Task directions
Find the line containing "Первое фото. Вершина" in the material below, then please transcribe it and each line after it exactly, without the pictures.

Supplied information

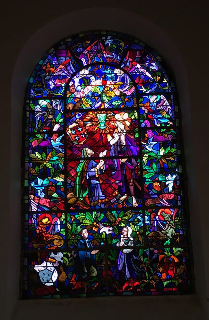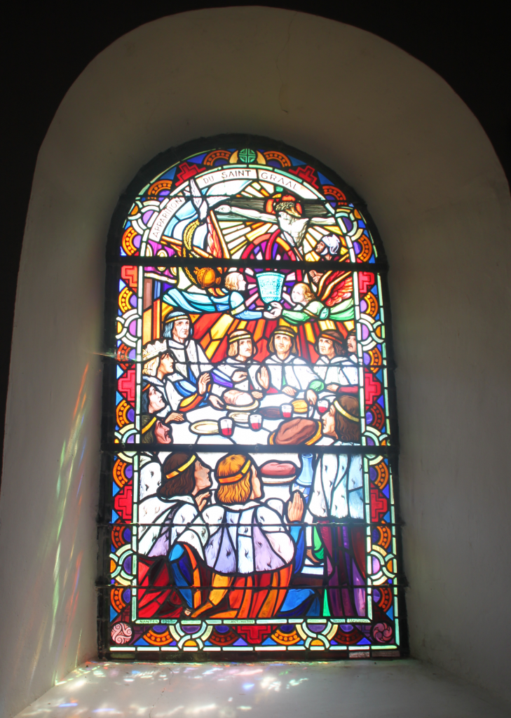 Avec le temps, l’abbé Gillard ajoute d’autres éléments symboliques dans son église. L’ajout des vitraux du chœur est pour lui une autre occasion de mettre en scène les éléments provenant de la légende arthurienne. En trois vitraux, l’abbé dévoile les mystères du Saint Graal :
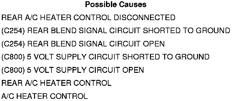 • Set Condition: If the A/C Heater Control detects a voltage less than 0.21 of a volt for 60 seconds on the Rear Blend Signal circuit. If a valid voltage is detected for two seconds the DTC will change from active to stored and stay in the controllers memory for 100 consecutive ignition cycles.
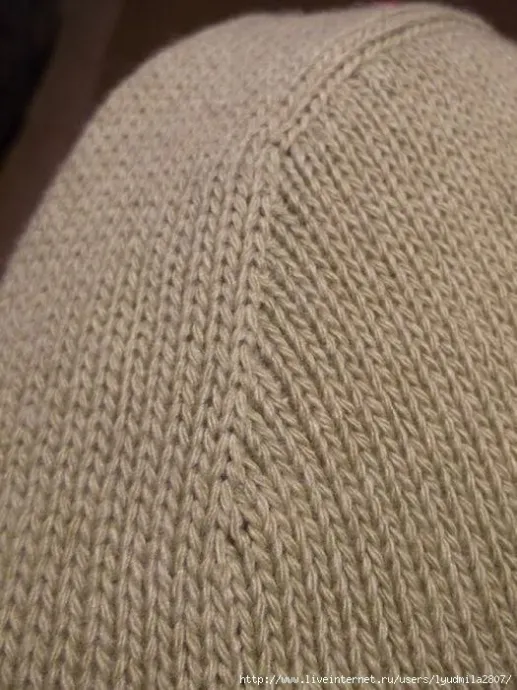 Первое фото. Вершина оката рукава (я не знаю, как правильно называется эта часть оката, но я так назвала самую выпуклую его часть) у меня составляет 15 см = 32 петли.
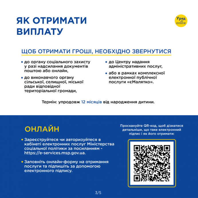 Зазначається, що наразі допомога при народженні дитини в Україні становить 41 280 гривень. Одноразово виплачується 10 320 гривень, а решта суми – по 860 гривень протягом 36 місяців.
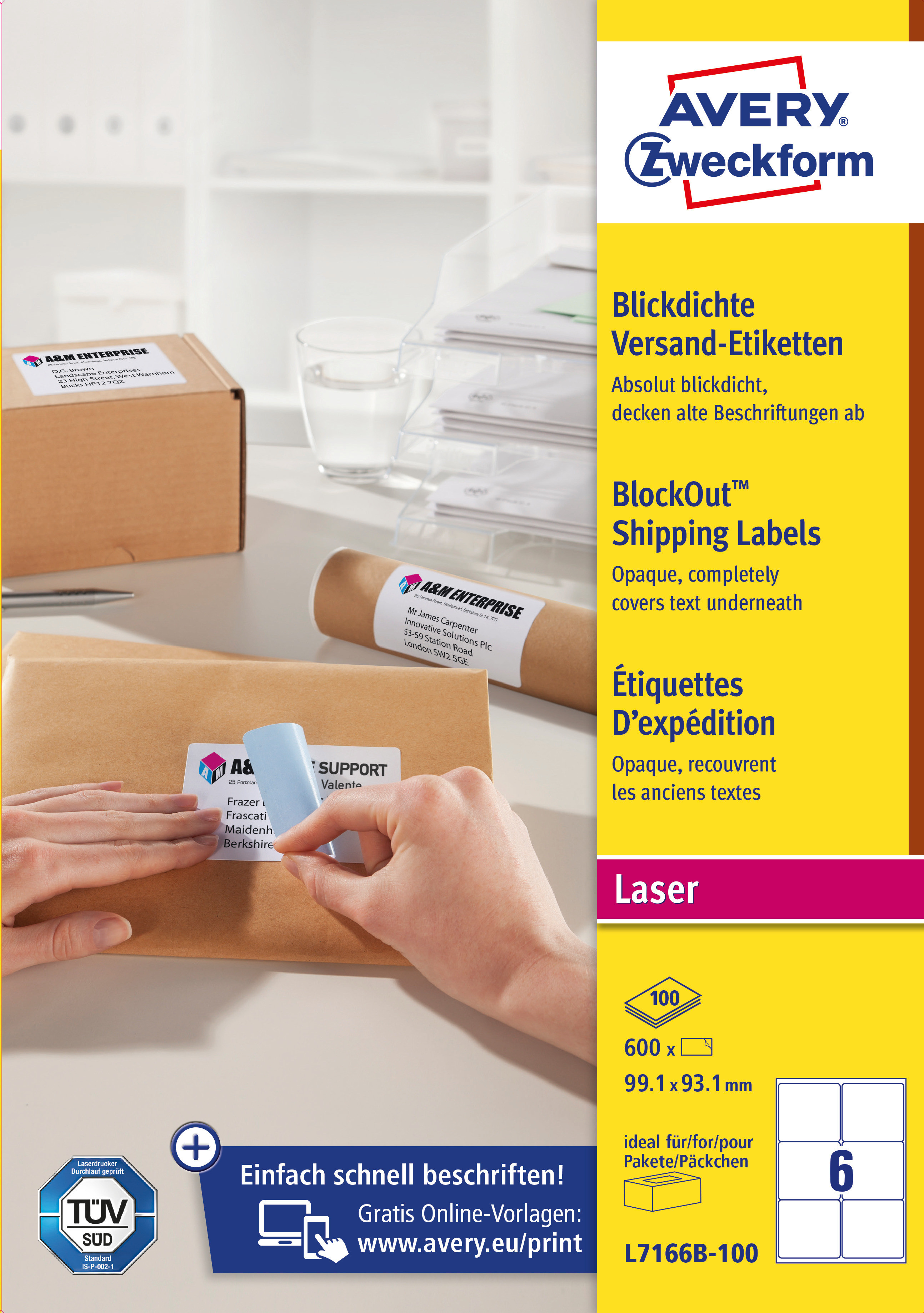 Biale, kryjące etykiety wysylkowe BlockOut do drukarek laserowych marki Avery Zweckform są idealne do oznaczania duzych paczek i przesylek. Nieprzezroczyste naklejki niezawodnie zakrywają stare etykiety - idealne do ponownego wykorzystania opakowan i kartonów.

Your response
 Первое фото. Вершина оката рукава (я не знаю, как правильно называется эта часть оката, но я так назвала самую выпуклую его часть) у меня составляет 15 см = 32 петли.
 Зазначається, що наразі допомога при народженні дитини в Україні становить 41 280 гривень. Одноразово виплачується 10 320 гривень, а решта суми – по 860 гривень протягом 36 місяців.
 Biale, kryjące etykiety wysylkowe BlockOut do drukarek laserowych marki Avery Zweckform są idealne do oznaczania duzych paczek i przesylek. Nieprzezroczyste naklejki niezawodnie zakrywają stare etykiety - idealne do ponownego wykorzystania opakowan i kartonów.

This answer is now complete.